The central bank met analysts’ expectations by maintaining the federal funds rate in the 3.5 to 3.75 percent range. After three consecutive cuts at the end of 2025, the Fed decided to hold the line on interest rates. The board welcomed some positive signs of stabilization in the US economy, but has decided to take a “wait-and-see” approach.

The Fed has a dual mandate to promote maximum employment and price stability.

For several months now, its Board of Governors has been split between those concerned with preventing a further slowdown in the US labor market and those fearing the fight against inflation is far from over.

The Fed’s preferred inflation metric, the Personal Consumption Expenditures (PCE) price index, came in above the 2 percent target, landing at 2.8 percent for November 2025. Meanwhile, Bureau of Labor Statistics data shows that the US economy added a modest 50,000 jobs in December 2025 compared to 56,000 jobs added in the previous month.

A weak labor market in the face of entrenched inflation has left the Fed in a pickle.

Lowering rates in turn lowers the cost of borrowing, which can provide businesses with more runway to grow their workforce. However, increasing available money supply by easing access to borrowing can also increase inflation.

The split between doves and hawks that began in late 2025 is still plaguing the Fed into the new year, which promises to see current Chair Jerome Powell replaced with someone more likely to be on board with the much lower rate environment desired by the Trump administration. Two Fed board members cast dissenting votes against holding rates steady, including Governor Stephen Miran and Governor Christopher Waller, who both pushed for a 0.25 percent cut.

“Economic activity has been expanding at a solid pace,” explained the Fed. “Job gains have remained low, and the unemployment rate has shown some signs of stabilization. Inflation remains somewhat elevated.”

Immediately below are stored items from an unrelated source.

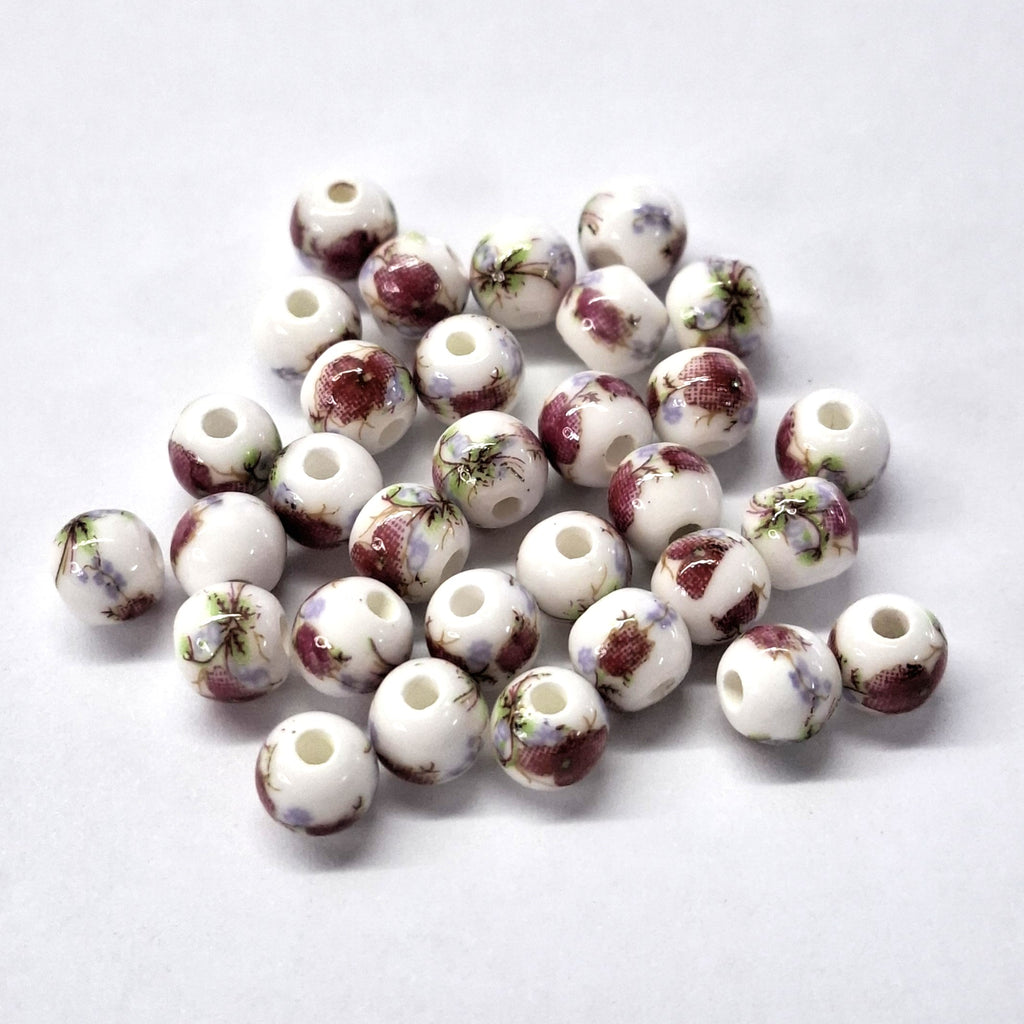 Porcelain Bead 6mm Round Pink/White Handmade Hole 2mm per each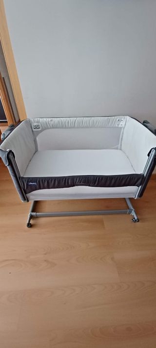Cuna colecho Chicco Next2Me en perfecto estado. Es ideal para que el bebé duerma cerca de los padres. - Estructura ligera y fácil de montar. - Tejido gris de tacto suave. - Incluye colchón.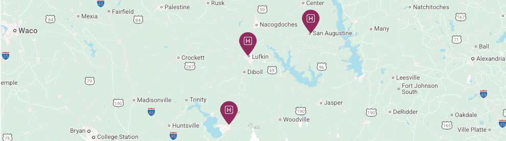 Heart valve repair or replacement ○ Mitral valve repair: a procedure that either strengthens the weakened mitral valve with supportive material or reshapes the valve ○ TAVR: a minimally invasive cardiac procedure for patients with aortic valve stenosis who are not eligible for open-heart surgery Arrhythmia procedures ○ Pacemaker implantation: a procedure to implant advanced pacing technology to restore the heart's normal rhythm ○ Cardiac ablation: a transcatheter procedure that scars the tissue responsible for arrhythmias Arterial procedures ○ Coronary artery bypass grafting (CABG): a heart bypass procedure used to bolster blood flow, usually used to overcome blocked arteries Cardiovascular locations across East Texas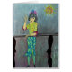 encre sur le dessin de papier de la femme à un compteur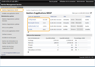 Cliquez sur [Gestion d'applications MEAP] puis sur l'application dont vous souhaitez gérer la licence.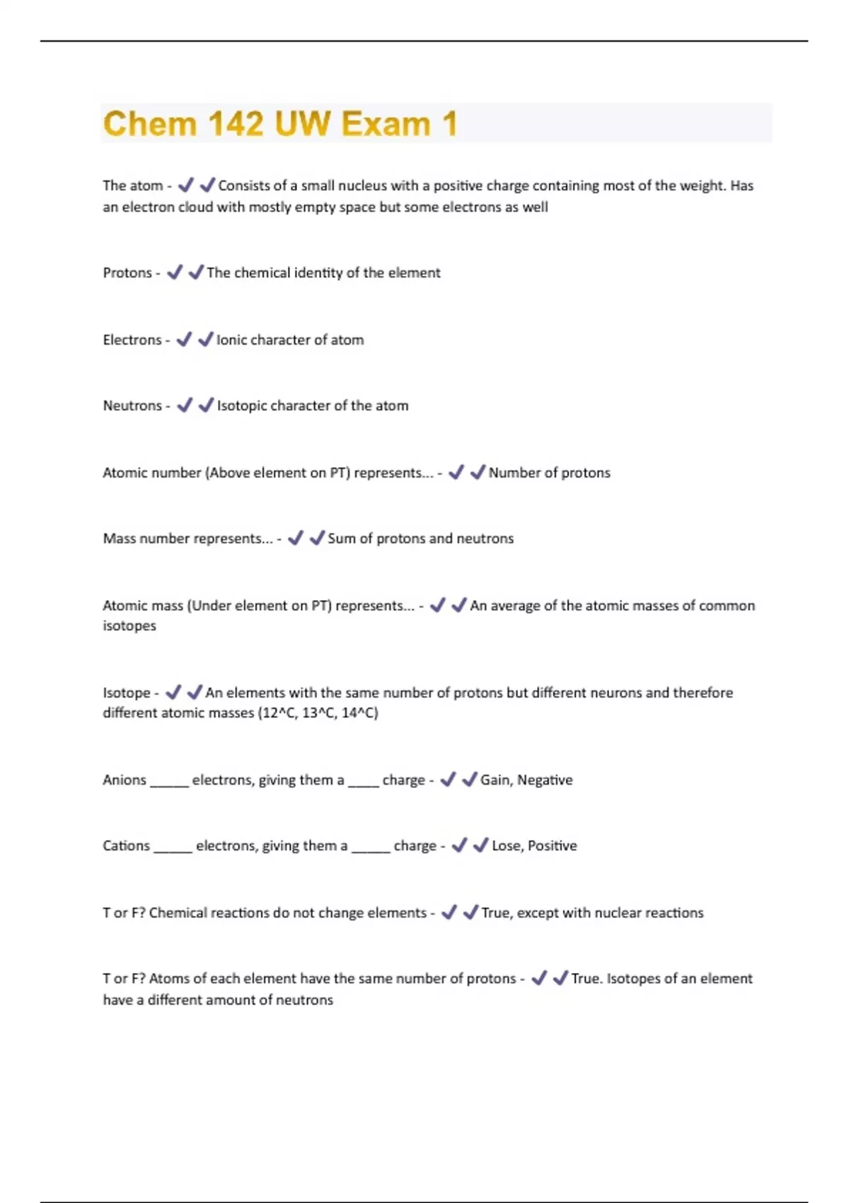 The atom - Consists of a small nucleus with a positive charge containing most of the weight. Has an electron cloud with mostly empty space but some electrons as well Protons - The chemical identity of the element Electrons - Ionic character of atom Neutrons - Isotopic character of the atom Atomic number (Above element on PT) represents... - Number of protons Mass number represents... - Sum of protons and neutrons Atomic mass (Under element on PT) represents... - An average of the atomic masses of common isotopes Isotope - An elements with the same number of protons but different neurons and therefore different atomic masses (12^C, 13^C, 14^C) Anions _____ electrons, giving them a ____ charge - Gain, Negative Cations _____ electrons, giving them a _____ charge - Lose, Positive T or F? Chemical reactions do not change elements - True, except with nuclear reactions T or F? Atoms of each element have the same number of protons - True. Isotopes of an element have a different amount of neutronsProperties of a Metal (4 total) - 1) Conduct heat/electricity 2) Malleable 3) Ductile 4) Tend to lose electrons (+ charge) Properties of Nonmetals (3 total) - 1) Dull/brittle 2)Nonconductor 3) Gain electrons (-charge) Properties of Semimetals - Have properties of both nonmetals and metals Groups move.... - across the periodic table Periods move... - up and down the periodic table Group 1A - Alkaline metals Group 2A - Alkaline Earth Metals Group 7A - Halogens (nonmetal) Group 8A - Noble Gases (nonmetal) Transition metals have multiple types of _____ - cations Main types of bonds that can be formed - Ionic (transfer of e-) and covalent (sharing e-) Molecule formation occurs in an attempt to... - complete an octet for both atoms Chemical bonds - Hold atoms or ions together in a compoundIonic compounds - The result of an electron transfer. Consists of a network of anions & cations with an overall charge of 0 Colors of the visible spectrum and range they're in? - ROYGIBIV: Red (700nm), orange, yellow, green, blue, indigo, violet(400nm). Order of electromagnetic spectrum (low to high wavelength) - y rays, x rays, ultra violet, visible spectrum, infrared, microwaves, radio waves, long radio waves.

The unemployment rate ended 2025 at 4.4 percent. While that’s historically low, data also shows limited job vacancies, and low rates of new hiring. Business Insider reporter Madison Hoff notes that economists are calling this a “low-fire, low-hire environment” due to uncertainty over where the economy is headed.

“It’s likely Fed leaders will stick to the status quo in January, in hopes that steady rates will push inflation closer to their 2% goal,” she wrote. “Affordability is a major concern for American households, as prices rise on housing, groceries, healthcare, and more. Powell has consistently prioritized price stability during his time as chair.”

During a press conference following the rate decision, Powell was careful not to commit to any future rate cut timeline. While the board still sees “some tension between employment and inflation,” that is moderating, and the Fed no longer sees any big risk either of accelerated inflation or a further significant breakdown in the labor market.

There’s also not much chance of a rate hike, either.

“We don’t take things off the table, but it isn’t anybody’s base case right now,” said Powell.

While PCE remains elevated at 2.8 percent, Powell noted that if the impact of tariffs were removed that figure would be hovering just above 2 percent. He explained that the Fed thinks this impact is largely in the rear-view mirror now.

Any day now, US President Donald Trump is expected to announce a replacement for Powell, whose term expires in May 2026. Trump has criticized the Fed and Powell in particular, saying they haven’t lowered rates quickly enough.

On October 27, US Secretary of the Treasury Scott Bessent announced a shortlist of candidates to replace Powell, including Fed governors Christopher Waller and Michelle Bowman, National Economic Council Director Kevin Hassett, former Fed Governor Kevin Warsh and BlackRock (NYSE:BLK) executive Rick Rieder.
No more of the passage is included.